Condeming sailors

This text seems to use the genitive of penalty and also has two possible translations. The genitive of penalty is confusing me as to the correct translation, and I am consequently not sure if mine are correct.

Nisi feminae nautas sententiarum de incolis damnabunt (damnaverint), incolae in provincia non laborabunt.

Translation 1:

Unless the women condemn the sailor’s opinions about the inhabitants, the inhabitants in the province shall not work.

I’m a little confused about how the literal meaning of the sailor’s opinions is in Latin. By itself, wouldn’t “sailor’s opinions” be “sententiae nautarum” [lit. opinions of the sailors]?

Translation 2:

Unless the women condemn the sailor’s opinions about the inhabitants, the inhabitants in the province shall not work.

Here unless is in italics, since the future perfect is used in the protasis and in English (according to my book) the only way to emphasise this is to use italics. Is this the general rule, or is there another possible translation?

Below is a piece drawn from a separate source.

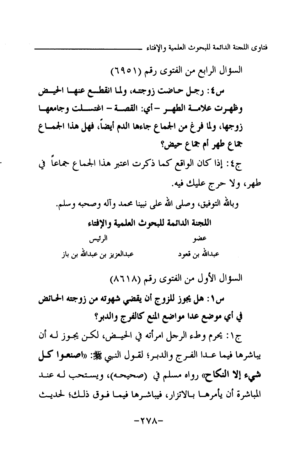 ج1: يحرم وطء الرحل امرأته في الحيض، لكن يجوز له أن يباشرها فيما عدا الفرج والدبر؛ لقول النبي -صلى الله عليه وسلم-: «اصنعوا كل شيء إلا النكاح (¬1) » رواه مسلم في (صحيحه) ويستحب له عند المباشرة أن يأمرها بالاتزار، فيباشرها فيما فوق ذلك؛ لحديث
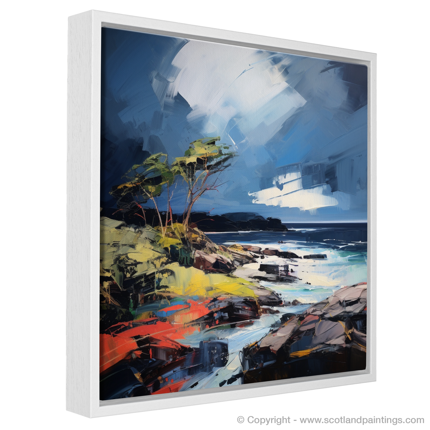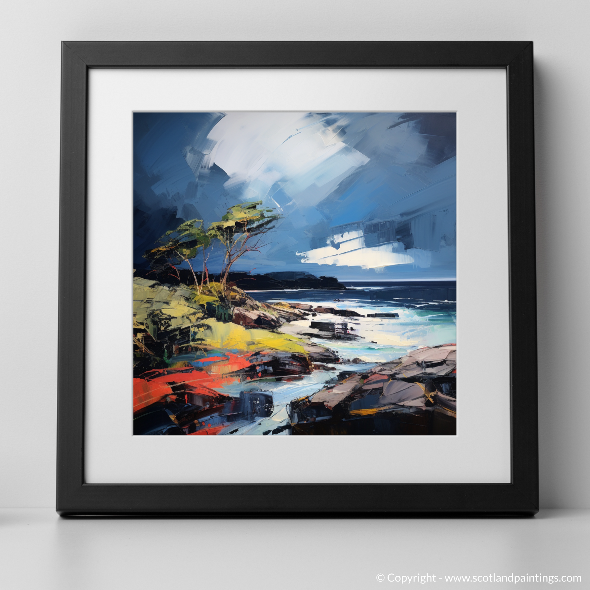 Captured within this expressive print is the raw, untamed beauty of Ardtun Bay, a place where the serene Scottish landscape meets the tempestuous embrace of a stormy sky. The piece is a whirlwind of emotion, showcasing the drama of nature in an expressionistic style that is both arresting and profound.

yes, the words would have to switch cases which each other to be translated as you have. it should be “unless the women condemn the sailors (and here is where the genitive of penalty comes in) for their beliefs”.

the causes of this mistake, the first two of which you realized but were struggling to amend, were 1) that you were translating nautas as though it were genitive (of the sailors), 2) that you were translating sententiarum as though it were accusative (the opinions), and 3) that you were translating the genitive as a possessive (of) when it was a genitive of penalty (for, because of, etc.).

Translation 2:

Unless > the women condemn the sailor’s opinions about the inhabitants, the inhabitants in the province shall not work.

Here unless is in italics, since the future perfect is used in the protasis and in English (according to my book) the only way to emphasise this is to use italics. Is this the general rule, or is there another possible translation?

frankly I don’t see the difference with or without italics.

Thanks, this helps quite a bit. Just one other question: would ‘their’ need to be explicity stated in the Latin, or is it omitted since it is clear from context (as the Romans were notorious for doing, as bellum paxque mentioned)? Since the book has not covered this topic yet (their), I wasn’t sure if this was just an incomplete example for the purposes of the exercise or if this was proper Latin.

It seems to me proper latin. I’ve been through some of Cicero’s works, and also Livy and I don’t recall actually running into “their” (eorum or earum) very often, or even at all.